Scheduled data import

Hello,

I’ve a dash application which is runnin 24x7 in a docker container.

However, there are new coming every night which needs to be imported to the application.
So i need to schedule the pd.read_csv(…) every night.

Is there any way, that i can schedule the pd.read.csv(…) and keep the application itself always running?

1 Like

@Robert2,

Sure, instead of having your information and dataframe be static at time of app startup, you put your layout to use the pd.read_csv. You can have different criteria around whether or not it pulls information or not.

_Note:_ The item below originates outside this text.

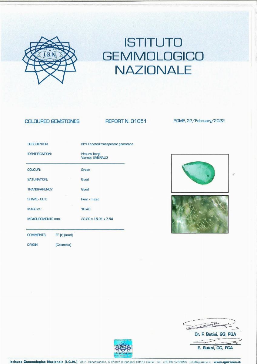 Smeraldo naturale Colombiano, ct. 16,43. Corredato di certificazione gemmologica.

If this doesn’t work for you, and you want to use a schedule, then you can spin up a SQLite db and update that in a separate cron job. Then query the db as your dataframe.

Hi @jinnyzor,

ya, but our dataset is that big, as the read_csv takes almost 5 minutes to load all data into ram.
So, when we call the pd.read_csv at any time (even when no new updates are there), the applicaiton load times increase too much.

Am favorizing a “watchdog” like implementation, which keeps track of the file changes and reload only if required. During the reload, the application shall show a maintenance screen instead the dash app

Is there a reason you are using a csv file instead of a database?

There are several tests you can use to see if the file changed before parsing it.

Compare contents and using the modified date.

You could also caching the dataframe for easier initializing.

Yes, because there’s no database available at this server.

Automatic reload can be triggered by dcc.Interval

Dcc.interval requires a user to have the site open and active. Plus if you have multiple users, the dcc.intervals will not be in sync.

SQLite is a simple db that python can spin up without much effort at all.

I would update this db nightly and then query the dataframe new every new day of the user side.